*TASK TO COMPLETE*: The data must be given again exactly as written, with all images omitted.

*DATASET EXTRACT*:
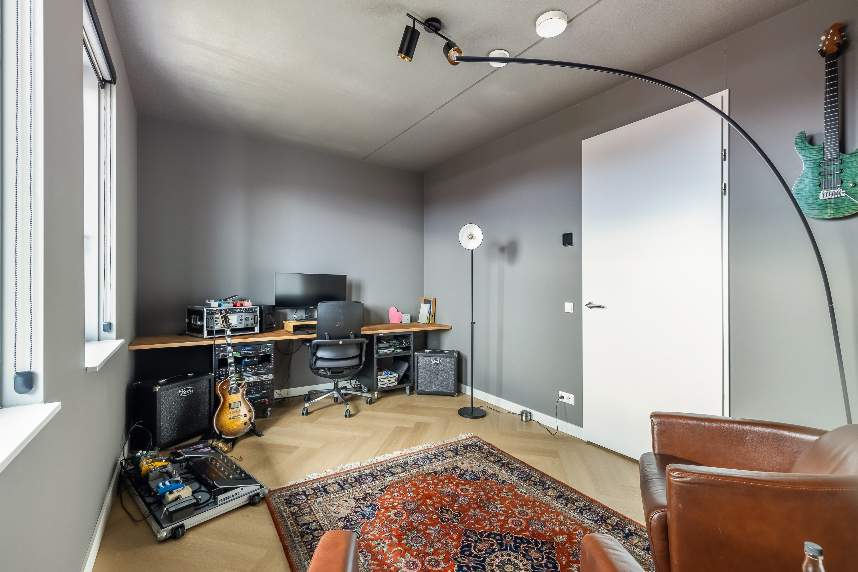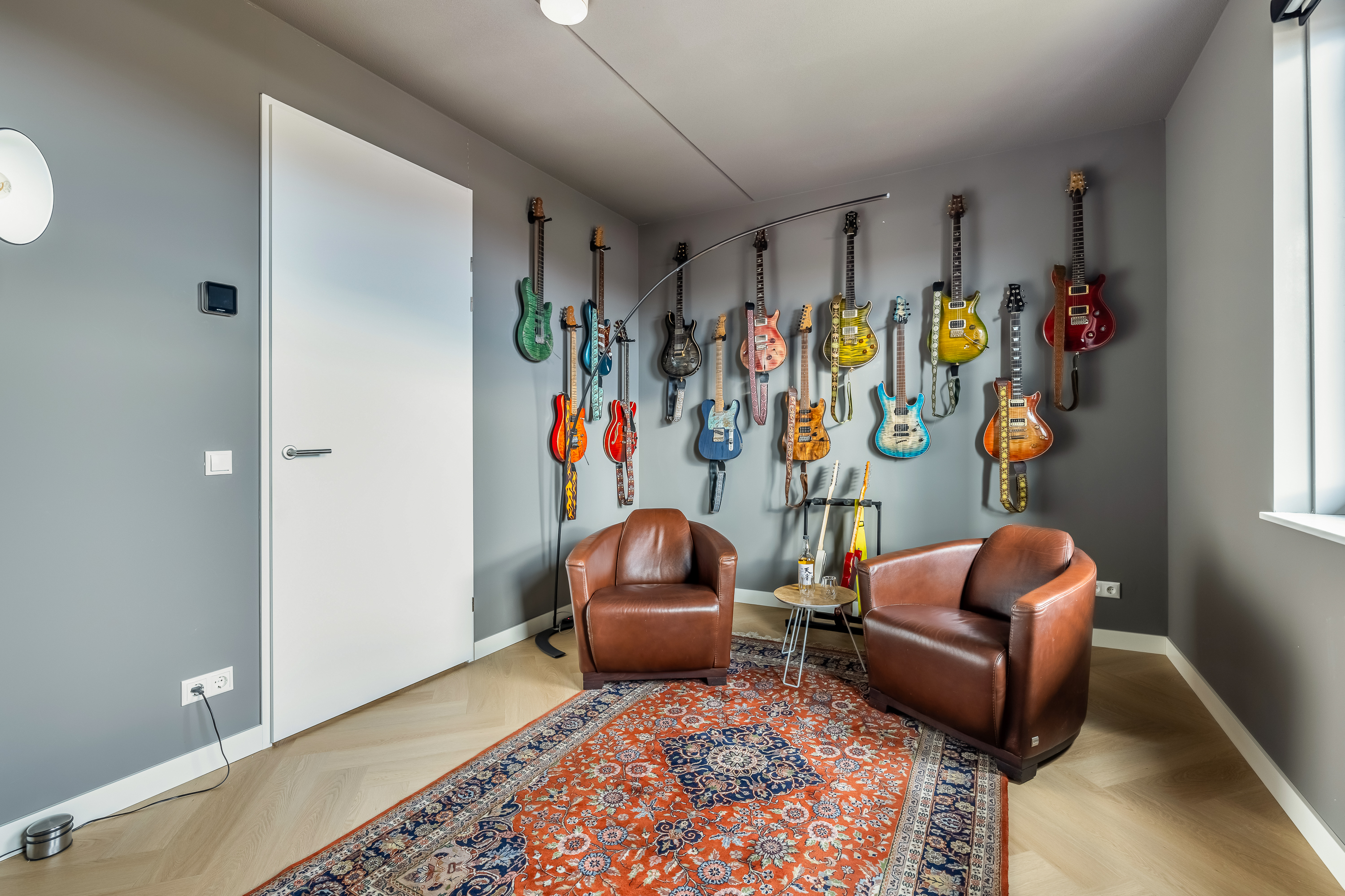 De woning is tot in detail ontworpen. Warm, luxe en eigentijds, zonder koel of afstandelijk te worden. De maatwerkkeuken is een echte leefkeuken. Kasten tot aan het plafond, mooie materialen en goede inbouwapparatuur die met wifi te bedienen is. Je zet de oven alvast aan onderweg naar huis, laat de broodjes bakken voordat je beneden komt en schuift daarna meteen aan om samen te eten. Alles is strak uitgelijnd, nergens standaard, alles klopt. Dit is een huis voor mensen die oog hebben voor detail.
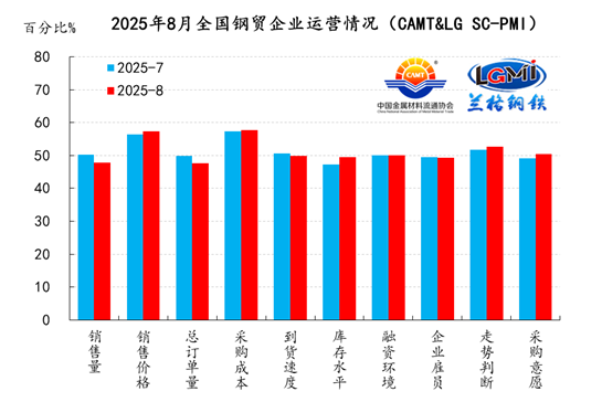 中國金屬材料流通協(xié)會、蘭格鋼鐵網(wǎng)聯(lián)合發(fā)布的2025年8月份中金協(xié)&蘭格鋼鐵網(wǎng)·鋼鐵流通PMI指數(shù)為49.8%,與上月持平,維持在收縮區(qū)間內(nèi)。從分類指數(shù)看,構(gòu)成中金協(xié)&蘭格鋼鐵網(wǎng)·鋼鐵流通PMI的10個分類指數(shù)5升5降,其中銷售價格、采購成本、庫存水平、走勢判斷和采購意愿5項指數(shù)上升,而銷售量、總訂單量、到貨速度、融資環(huán)境和企業(yè)雇員5項指數(shù)下降。
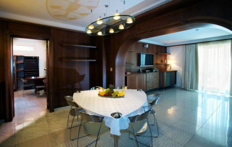 PRESIDENTIAL SUITE № 109: Розміщення 4 pax. В апартаменті передпокій з гардеробом, кухня, вітальня, спальня, дитяча, сауна. У салоні 2 журнальних столика, 2 крісла, 2 двомісні дивани, телнфон, плазма екран і сураунд системою, музичний центр. У спальні ліжко 2000 х 1700, телнфон, телевізор. З салону і спальні вихід на власний балкон з лежаками. У дитячій ліжко 2000 х 900, телевізор. Ванна кімната з джакузі і душовою кабіною, телефон, телевізорльний столик, міні-бар, телевізор, кондиціон. (113 м2).
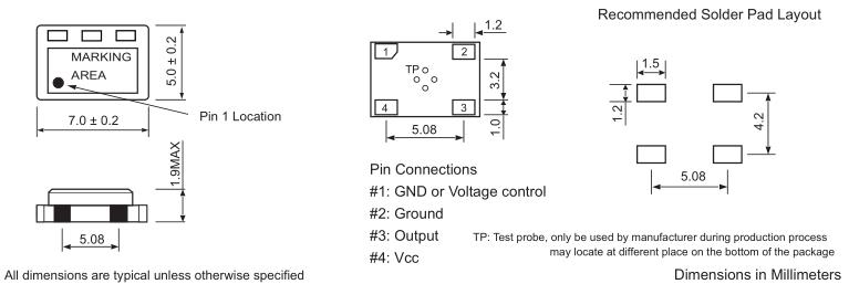 Control Voltage (Vc) | 2.5±2.0 VDC for Vcc = 5 VDC; 1.65±1.5 VDC for Vcc = 3.3 VDC |
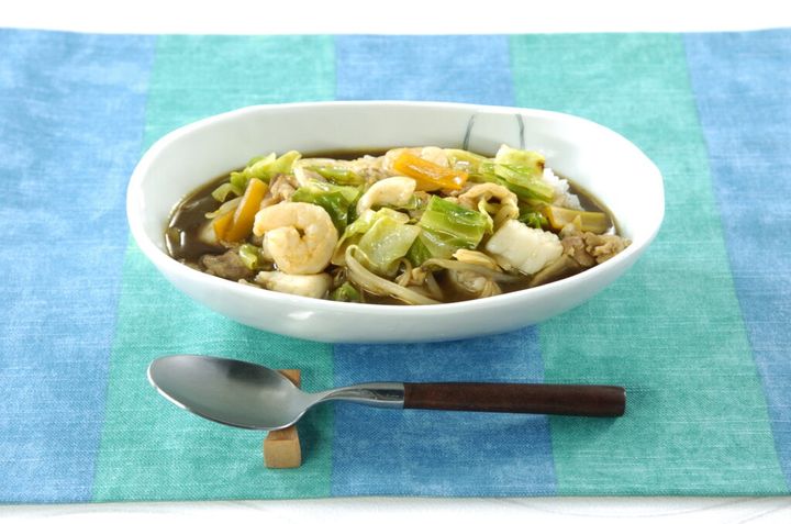 この日のテーマは「久しぶりにカレー」。ちゃんぽんスープをベースにした和風のアレンジカレー「ちゃんぽんカレー」を辻調理師専門学校の長谷川晃先生から教わった。
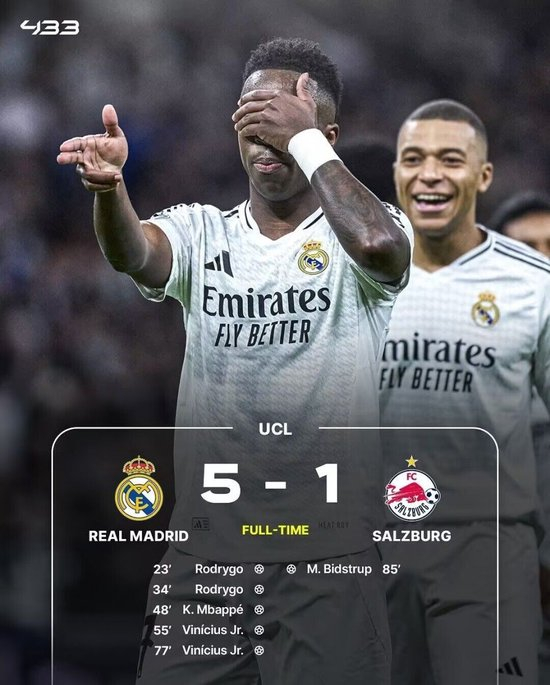皇马主场5-1大胜萨尔茨堡红牛。贝林厄姆两次助攻罗德里戈双响建功,门将送礼姆巴佩再下一城,维尼修斯内切爆射收获皇马生涯百球+双响,比斯特鲁普扳回一球。
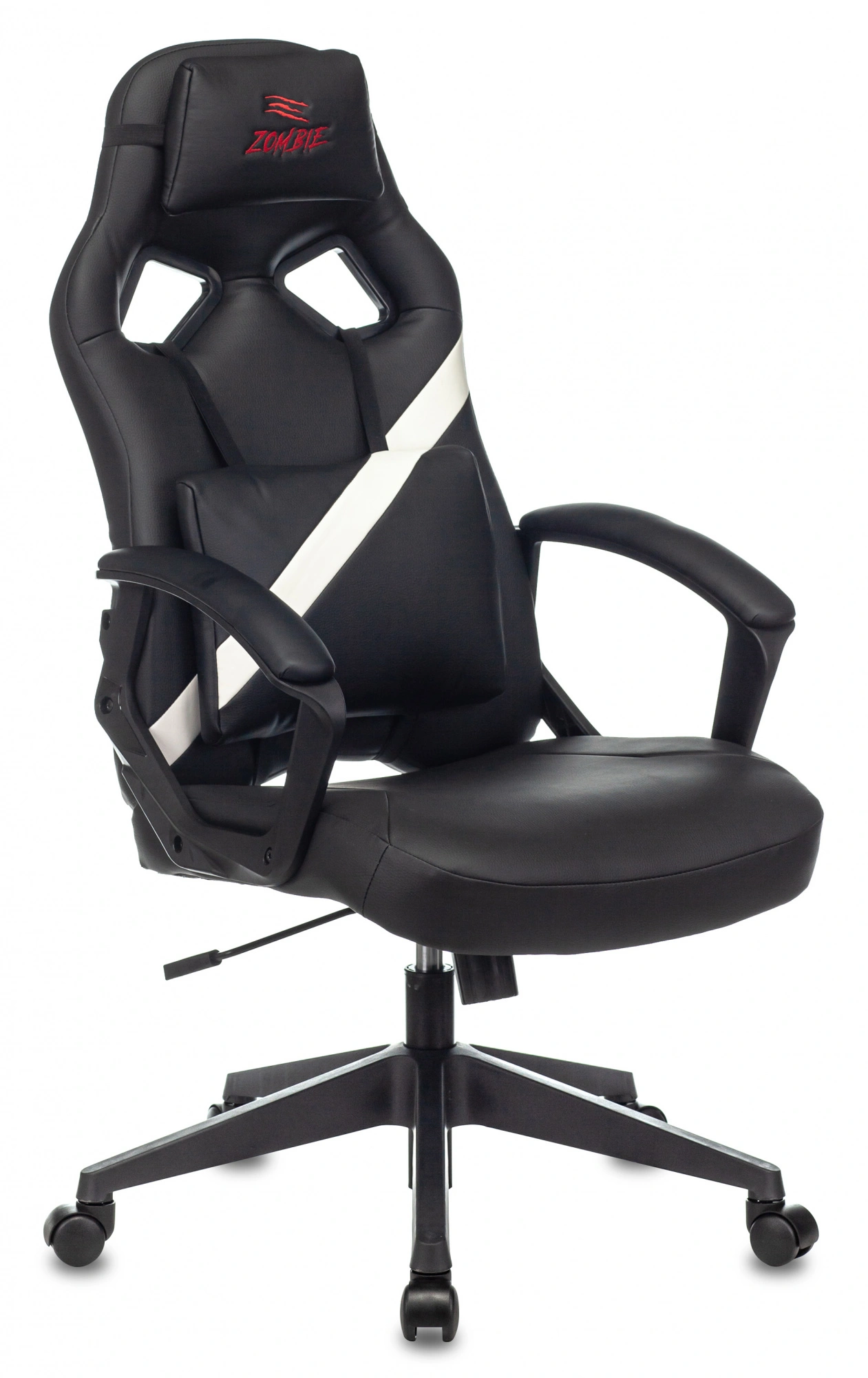 Кресло игровое Zombie Driver черный/белый экокожа с подголов. крестов. пластик ZOMBIE DRIVER WH
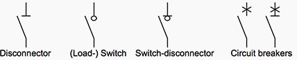 Switch symbols: The horizontal line in the switch symbol of the contacts indicates that they fulfill the isolating function.
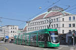 Be 4/6 Flexity 6011 mit der Werbung für die Konfitüre von Zuegg, auf der wegen einer Baustelle umgeleiteten Linie 3, fährt am 07.04.2026 zur Haltestelle am Aeschenplatz. Aufnahme Basel.
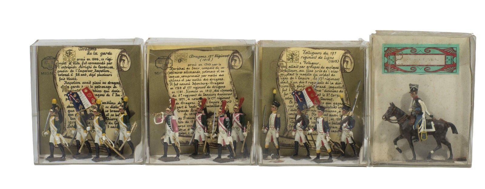 C.B.G. Mignot. 1st Empire. Foot Dragoons and Voltigeurs, one Hussar (broken plume). 12 Foot soldiers including 2 Flags and a Cavalier. (13 Fig.). Brand new in 4 boxes.
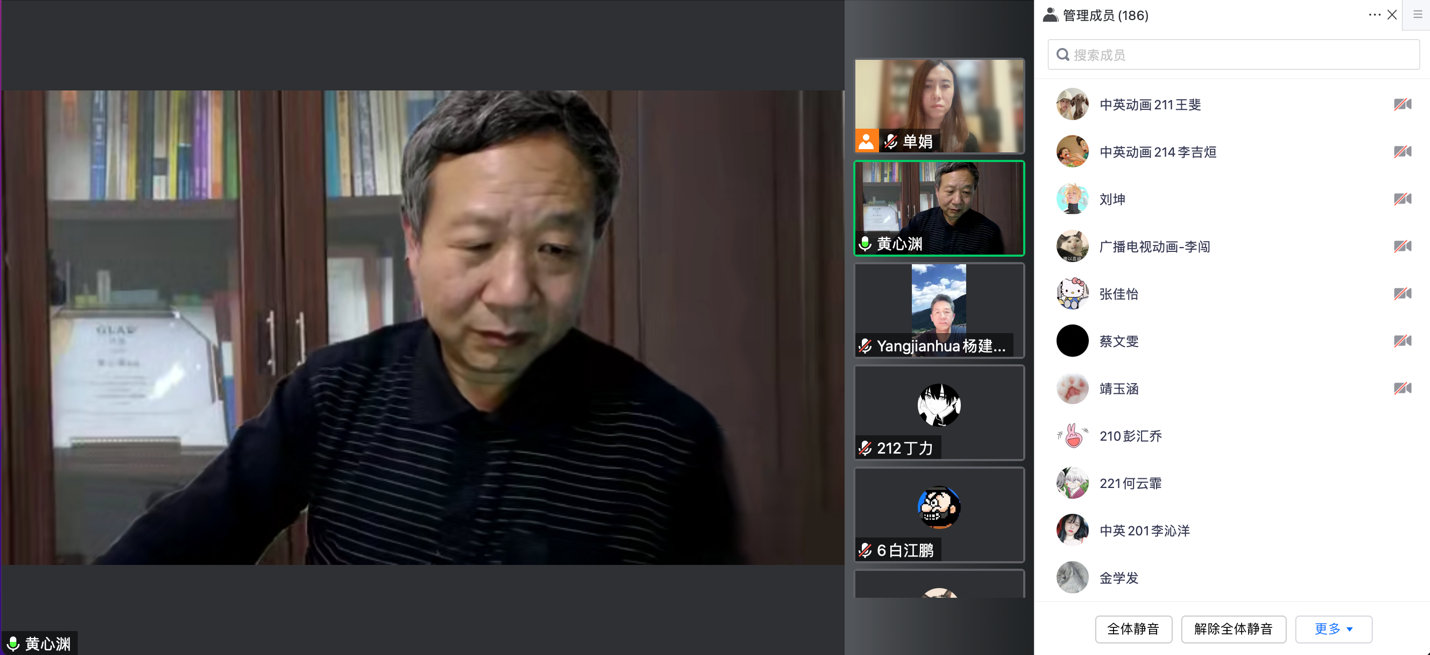 12月8日,中国传媒大学动画与数字艺术学院书记、博士生导师黄心渊教授应邀通过腾讯会议在线上为电影天堂
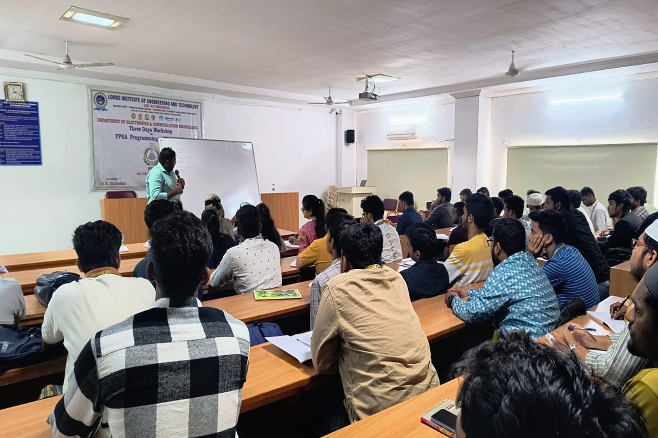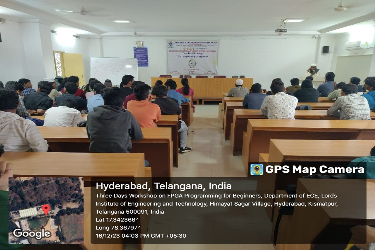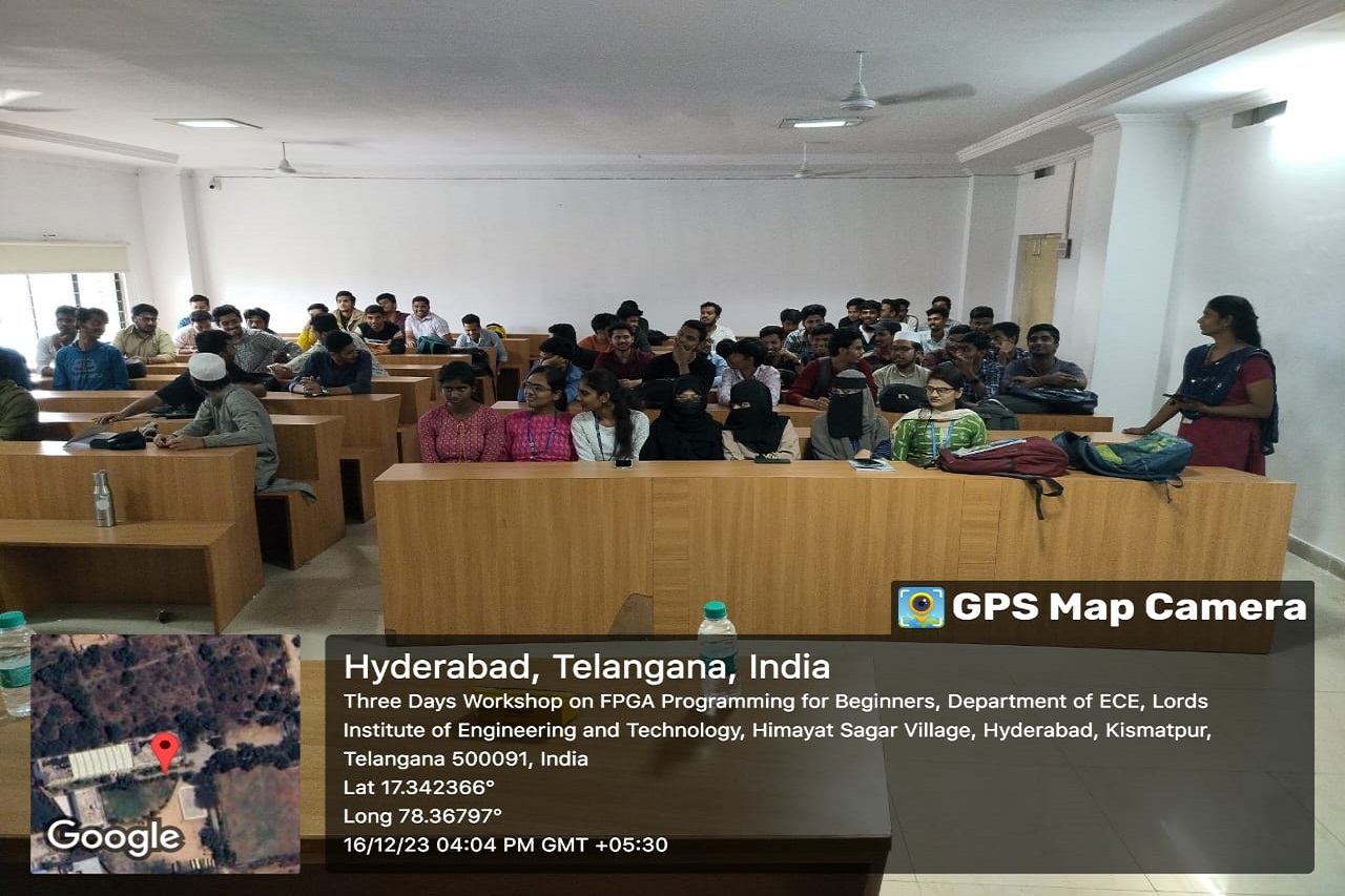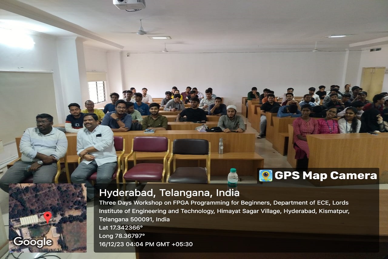 Description about the event (50 Words): The Department of ECE at Lords Institute of Engineering and Technology(A) conducted a three Days Workshop on FPGA programming for Beginners from 14th – 16th December 2023. A Total of 65 students actively participated in this event. Students got practical knowledge from this event.Dr. Bala, Technical Manager from Techfluent enlightened our students with his knowledge towards programming

*ANSWER TO THIS TASK*:
 De woning is tot in detail ontworpen. Warm, luxe en eigentijds, zonder koel of afstandelijk te worden. De maatwerkkeuken is een echte leefkeuken. Kasten tot aan het plafond, mooie materialen en goede inbouwapparatuur die met wifi te bedienen is. Je zet de oven alvast aan onderweg naar huis, laat de broodjes bakken voordat je beneden komt en schuift daarna meteen aan om samen te eten. Alles is strak uitgelijnd, nergens standaard, alles klopt. Dit is een huis voor mensen die oog hebben voor detail.
 中國金屬材料流通協(xié)會、蘭格鋼鐵網(wǎng)聯(lián)合發(fā)布的2025年8月份中金協(xié)&蘭格鋼鐵網(wǎng)·鋼鐵流通PMI指數(shù)為49.8%,與上月持平,維持在收縮區(qū)間內(nèi)。從分類指數(shù)看,構(gòu)成中金協(xié)&蘭格鋼鐵網(wǎng)·鋼鐵流通PMI的10個分類指數(shù)5升5降,其中銷售價格、采購成本、庫存水平、走勢判斷和采購意愿5項指數(shù)上升,而銷售量、總訂單量、到貨速度、融資環(huán)境和企業(yè)雇員5項指數(shù)下降。
 PRESIDENTIAL SUITE № 109: Розміщення 4 pax. В апартаменті передпокій з гардеробом, кухня, вітальня, спальня, дитяча, сауна. У салоні 2 журнальних столика, 2 крісла, 2 двомісні дивани, телнфон, плазма екран і сураунд системою, музичний центр. У спальні ліжко 2000 х 1700, телнфон, телевізор. З салону і спальні вихід на власний балкон з лежаками. У дитячій ліжко 2000 х 900, телевізор. Ванна кімната з джакузі і душовою кабіною, телефон, телевізорльний столик, міні-бар, телевізор, кондиціон. (113 м2).
 Control Voltage (Vc) | 2.5±2.0 VDC for Vcc = 5 VDC; 1.65±1.5 VDC for Vcc = 3.3 VDC |
 この日のテーマは「久しぶりにカレー」。ちゃんぽんスープをベースにした和風のアレンジカレー「ちゃんぽんカレー」を辻調理師専門学校の長谷川晃先生から教わった。
皇马主场5-1大胜萨尔茨堡红牛。贝林厄姆两次助攻罗德里戈双响建功,门将送礼姆巴佩再下一城,维尼修斯内切爆射收获皇马生涯百球+双响,比斯特鲁普扳回一球。
 Кресло игровое Zombie Driver черный/белый экокожа с подголов. крестов. пластик ZOMBIE DRIVER WH
 Switch symbols: The horizontal line in the switch symbol of the contacts indicates that they fulfill the isolating function.
 Be 4/6 Flexity 6011 mit der Werbung für die Konfitüre von Zuegg, auf der wegen einer Baustelle umgeleiteten Linie 3, fährt am 07.04.2026 zur Haltestelle am Aeschenplatz. Aufnahme Basel.
 C.B.G. Mignot. 1st Empire. Foot Dragoons and Voltigeurs, one Hussar (broken plume). 12 Foot soldiers including 2 Flags and a Cavalier. (13 Fig.). Brand new in 4 boxes.
 12月8日,中国传媒大学动画与数字艺术学院书记、博士生导师黄心渊教授应邀通过腾讯会议在线上为电影天堂
 Description about the event (50 Words): The Department of ECE at Lords Institute of Engineering and Technology(A) conducted a three Days Workshop on FPGA programming for Beginners from 14th – 16th December 2023. A Total of 65 students actively participated in this event. Students got practical knowledge from this event.Dr. Bala, Technical Manager from Techfluent enlightened our students with his knowledge towards programming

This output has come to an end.